Category: News Release

In a television first, Channel 4 has been granted access by a rural African tribe to capture their life as never seen before by using the ‘fixed rig’ camera technology behind the critically-acclaimed series ‘Educating’ and 24 Hours in A&E.

This brand new 4 x 60 observational documentary series will explore their day-to-day family life: the intricacies of their relationships, their social bonds and attitudes towards parenting and the community and the modernisation that is slowly being introduced into daily life with the arrival of new technologies and first world consumer products.

Head of Documentaries Nick Mirsky has ordered the series from Renegade Pictures with filming starting in Ethiopia in September for several weeks and tx planned for early 2015.

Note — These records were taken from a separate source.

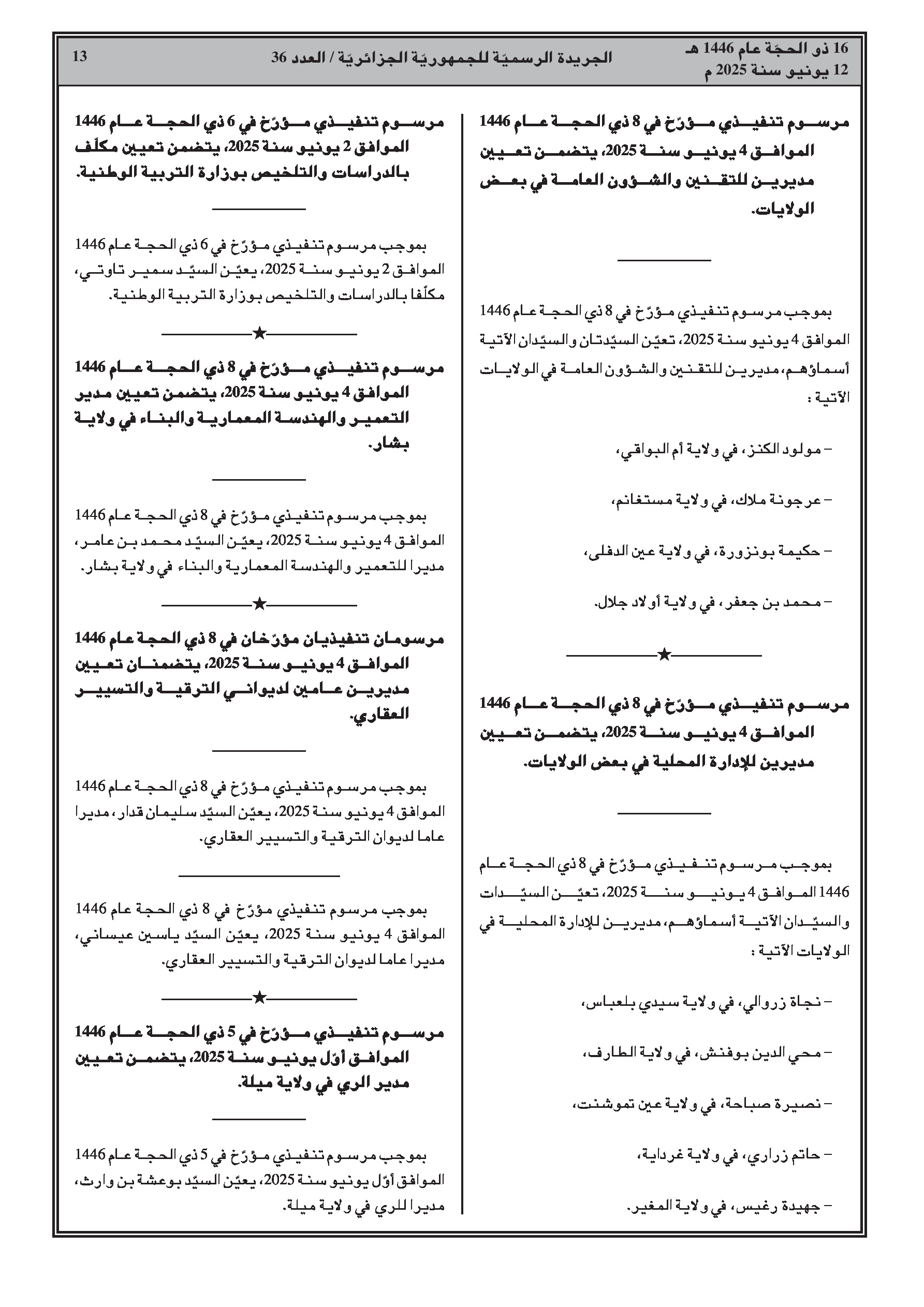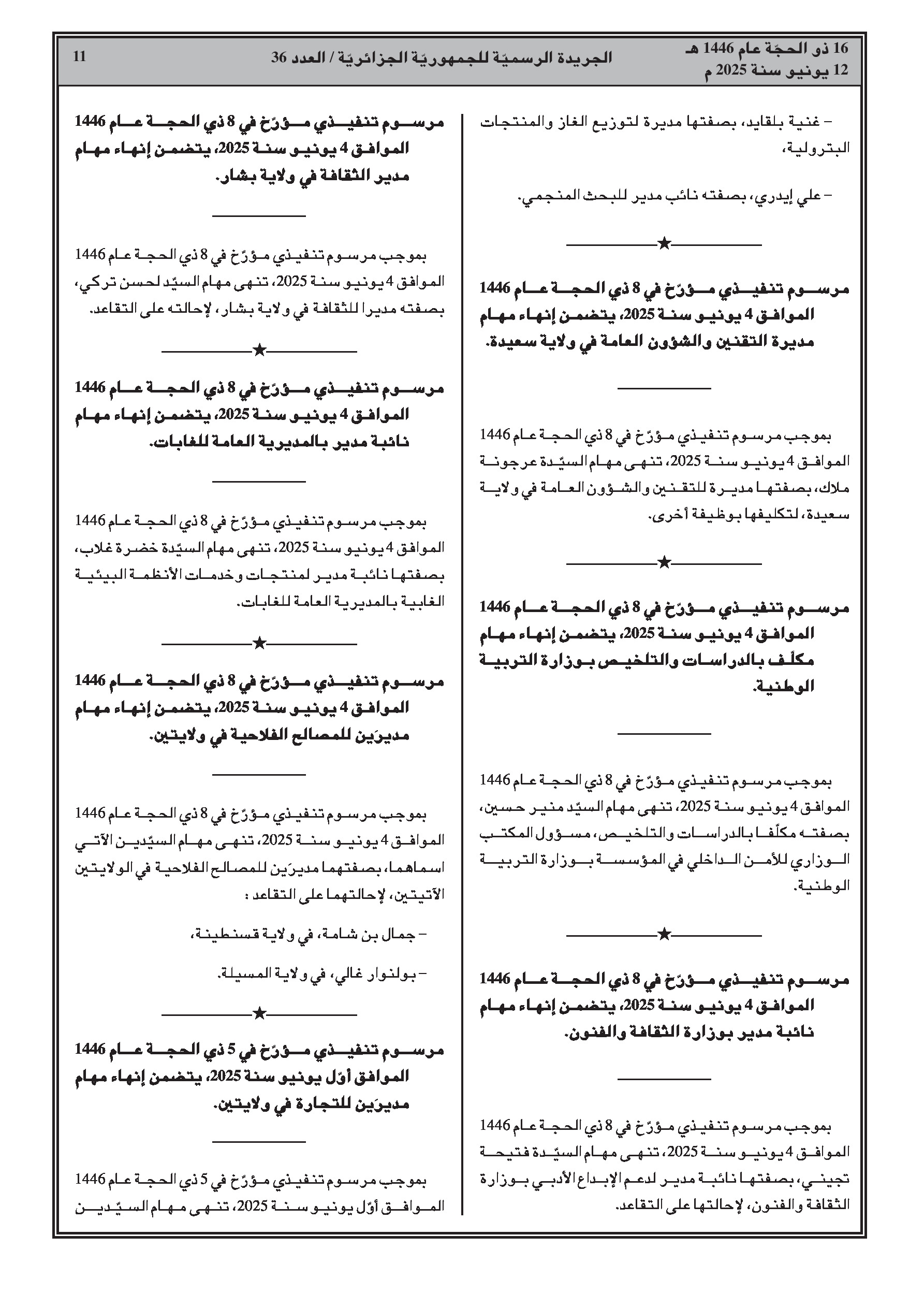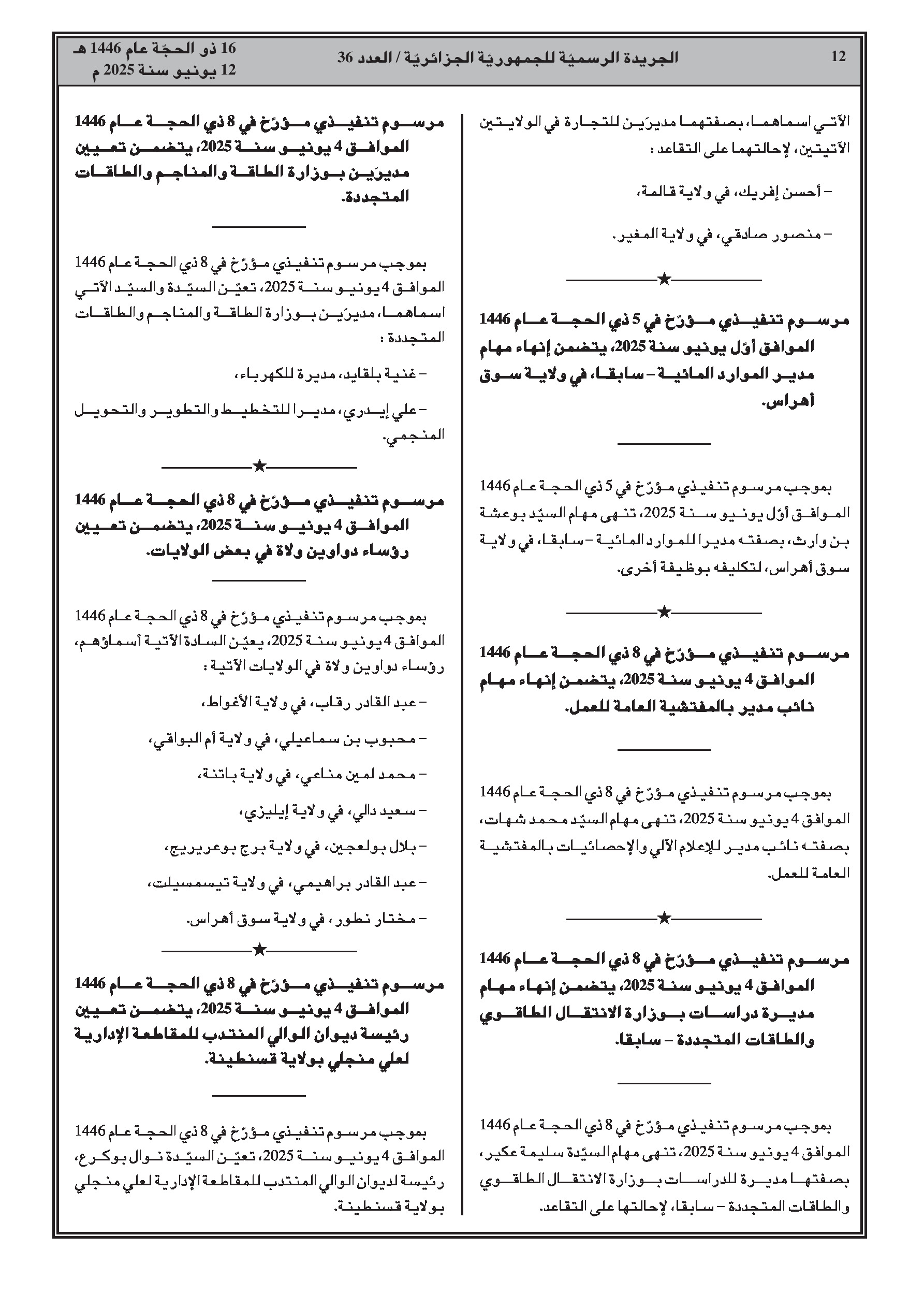 • إنهاء مهام الأمين العام للمركز الوطني للأرشيف. • تعيين مديرة الدراسات الوثائقية والمطبوعات بالأكاديمية الجزائرية للغة العربية. • تعيين رئيسة دراسات بالأمانة الإدارية والتقنية للمجلس الأعلى للشباب. • إنهاء مهام بوزارة الطاقة والمناجم (سابقا). • إنهاء مهام مديرة التنظيم والشؤون العامة لولاية سعيدة. • إنهاء مهام مكلف بالدراسات والتلخيص بوزارة التربية الوطنية. • إنهاء مهام نائبة مدير بوزارة الثقافة والفنون. • إنهاء مهام مدير الثقافة لولاية بشار. • إنهاء مهام نائبة مدير بالمديرية العامة للغابات. • إنهاء مهام مديري المصالح الفلاحية لولايات. • إنهاء مهام مديري التجارة لولايات. • إنهاء مهام المدير السابق للموارد المائية لولاية سوق أهراس. • إنهاء مهام نائب مدير بالمفتشية العامة للعمل. • إنهاء مهام مديرة دراسات بوزارة الانتقال الطاقوي والطاقات المتجددة (سابقا). • تعيين مديرين بوزارة الطاقة والمناجم والطاقات المتجددة. • تعيين رؤساء دواوين ولاة في بعض الولايات. • تعيين رئيس ديوان الوالي المنتدب للمقاطعة الإدارية علي منجلي بولاية قسنطينة. • تعيين مديري التنظيم والشؤون العامة في بعض الولايات. • تعيين مديري الإدارة المحلية في بعض الولايات. • تعيين مكلف بالدراسات والتلخيص بوزارة التربية الوطنية. • تعيين مدير التعمير والهندسة المعمارية والبناء لولاية بشار. • تعيين مديرين عامين لدواوين الترقية والتسيير العقاري. • تعيين مدير الري لولاية ميلة.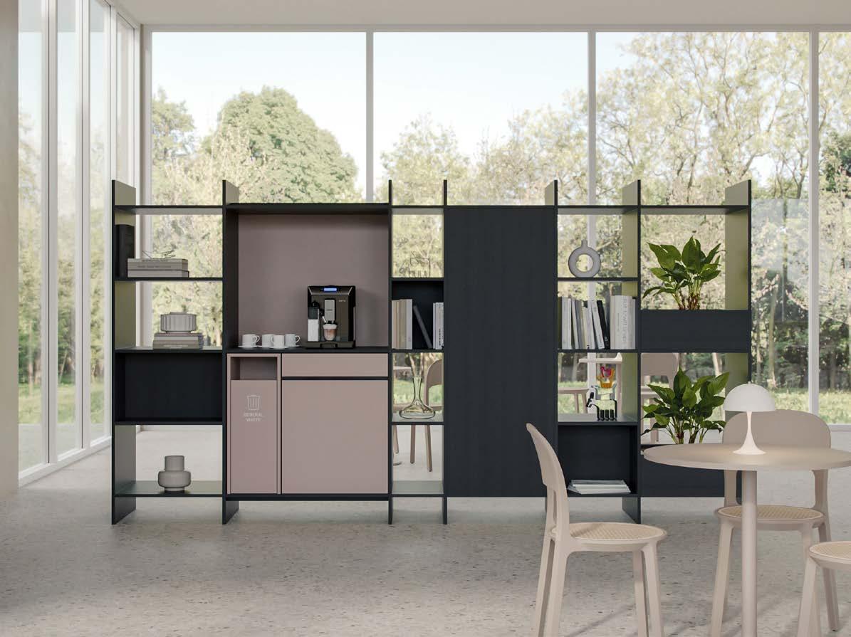 das Regal einzigartig und individuell konfigurierbar. Dank vordefinierter Module lassen sich vielseitige Funktionen kombinieren – von Raumtrennung, offener Ablage, Stauraum und Garderobe über Locker bis hin zu Pflanzwannen und Druckerinseln. Auch Teeküchen, Pinnflächen, Whiteboards sowie digitale Präsentationsflächen können in das Panel Rack integriert werden.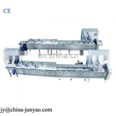 Product DescriptionProduct ApplicationIt is applied for the pillow packing of products with easy broken surface,such as chocolate,wafer,puffing food,rice cake,cake,Swiss roll,caramel treats,nougat,candy floss and other types of candies or enrobing products.MAIN TECHINICAL PARAMETERPacking Speed50-1000*2 pcs/minProduct DimensionsAccording to real product sizeTotal Power9.5kwOutside Dimensions8900mm*1180mm*1786mm(L*W*H)Net Weight7000kgPower Source400V;50HZ,3phase(can customized)Main Features1. NINE Servo motors, touch screen control. 2. Automatic feeding for the complete packing line.3. Automatic belt speed adjustment through frequency converter, every conveyor belt is individual.4. Conveyor belt automatic deviation device through cylinder and photocell.5. Automatic temperature cooling through the air condition with two fans, air cooling or water cooling available.6 .Double paper rollers, automatic paper splicer device (paper splicer device designed according to Germany Bosch)CertificationsDetailed ImagesAll the feeding belt are individual speed control by individual frequency converters, it can adjust the speed in the touch screen conveniently. easy take off and installation.The belt rollers use the rubber materials in case the belt slip.photoelectric tracking system.Belt Discharging ConvenientlyThe both sides install the teflon. It can reduce the friction with the products.The machine equips with the fan to position the product in the hole belt precisely.Water cooling for the beltDouble Paper rollers structure and fast automatic paper splicer designed according to Germany Bosch as below.Double Layers Electrical Cabinets (Mechanical and Electrical parts are separated).Our Service1.One year guarantee for the quality, if components are damaged naturally, we will replace it freely. If Manually damaged, the clientsResponse for the costs.vide the complete installation, debugging, technology support and staff training.3.permanent accessory parts supply only to our clients for competitive price, quick response for the after-sales service.Packing & DeliveryPayment Terms:40% T/T in Advanced, the balance should be paid before delivery.Delivery time: 30 days after the deposit.Package: Seaworthy Wooden Case.Shipping:By Sea.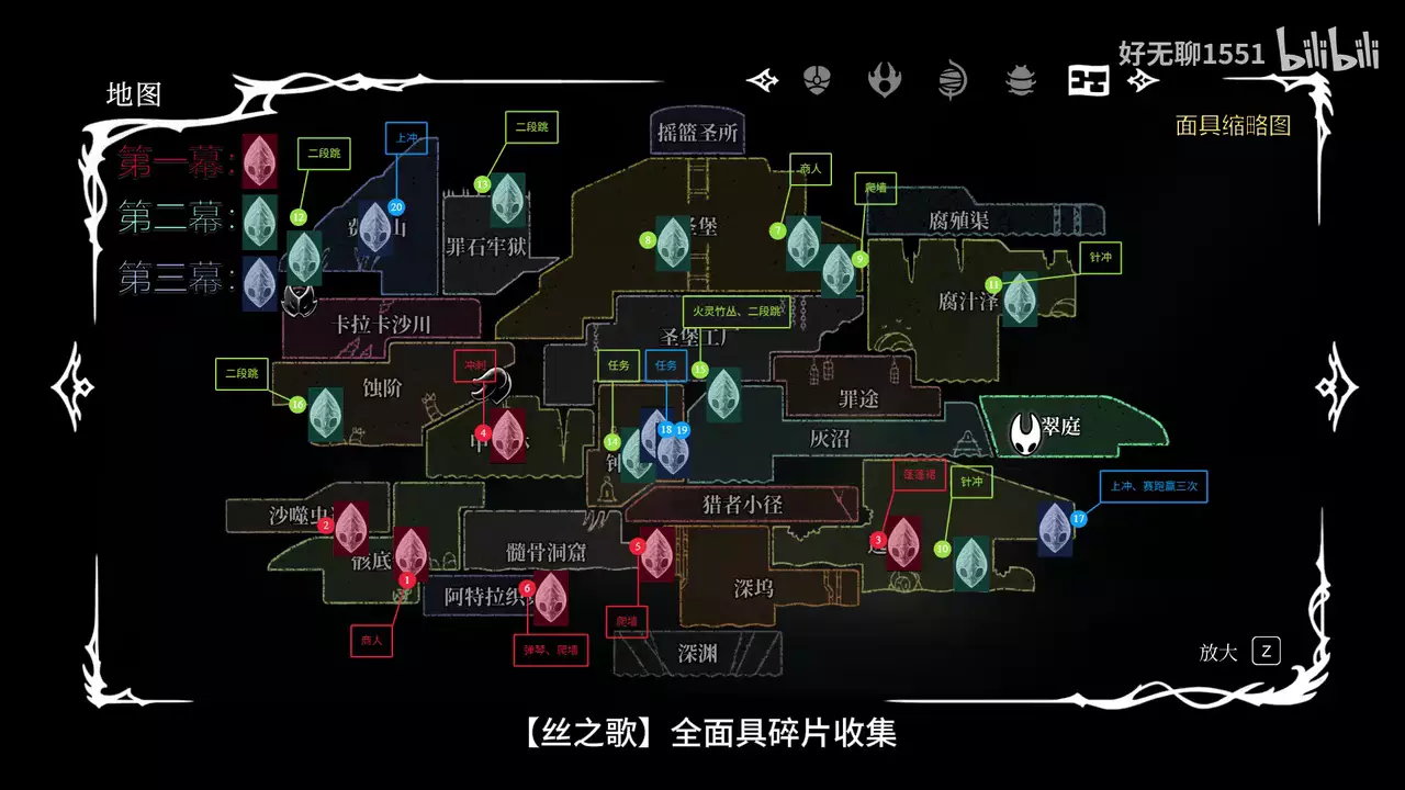 本文分享了B站玩家糊露露露露的《丝之歌》第二幕100%全收集必备地图,包含总览大地图以及巨扉之门、圣咏殿等多个区域的详细地图,标注了收集点位、任务、BOSS战、道具获取等信息,助力玩家完成全收集。

Mirsky says: “We feel incredibly privileged to have been invited into this community and allowed access in this unprecedented way. The series will focus on their domestic lives and their relationships with one another, telling the universal stories of weddings and marriages, friendships and love and the highs and lows of bringing up children in a raw and authentic way. It is early days but from what we have seen so far we already expect that viewers will find more in common with the lives of these tribal people than separates them.”

Rig cameras will capture life around the village covering the huts of the main family members as well as some communal areas. Camera crews will also follow life beyond the confines of the village including trips to the local town where electricity is available and visits to a neighbouring village as one family prepares for a wedding between their son and a local girl.

Renegade’s Director of Programmes Harry Lansdown is the executive producer and Paddy Wivell (Bedlam, Wonderland, Cutting Edge) is the series director. The series is being overseen by Channel 4 Documentaries Commissioning Editor David Brindley.

Lansdown says: “This is a potentially thrilling re-location of the rig to a remote place, where we hope to capture the everyday family life of a tribe in a way that has never been seen before. The family at the centre of this series are warm and open, and I’m confident the channel 4 viewers will enjoy being immersed in their world.”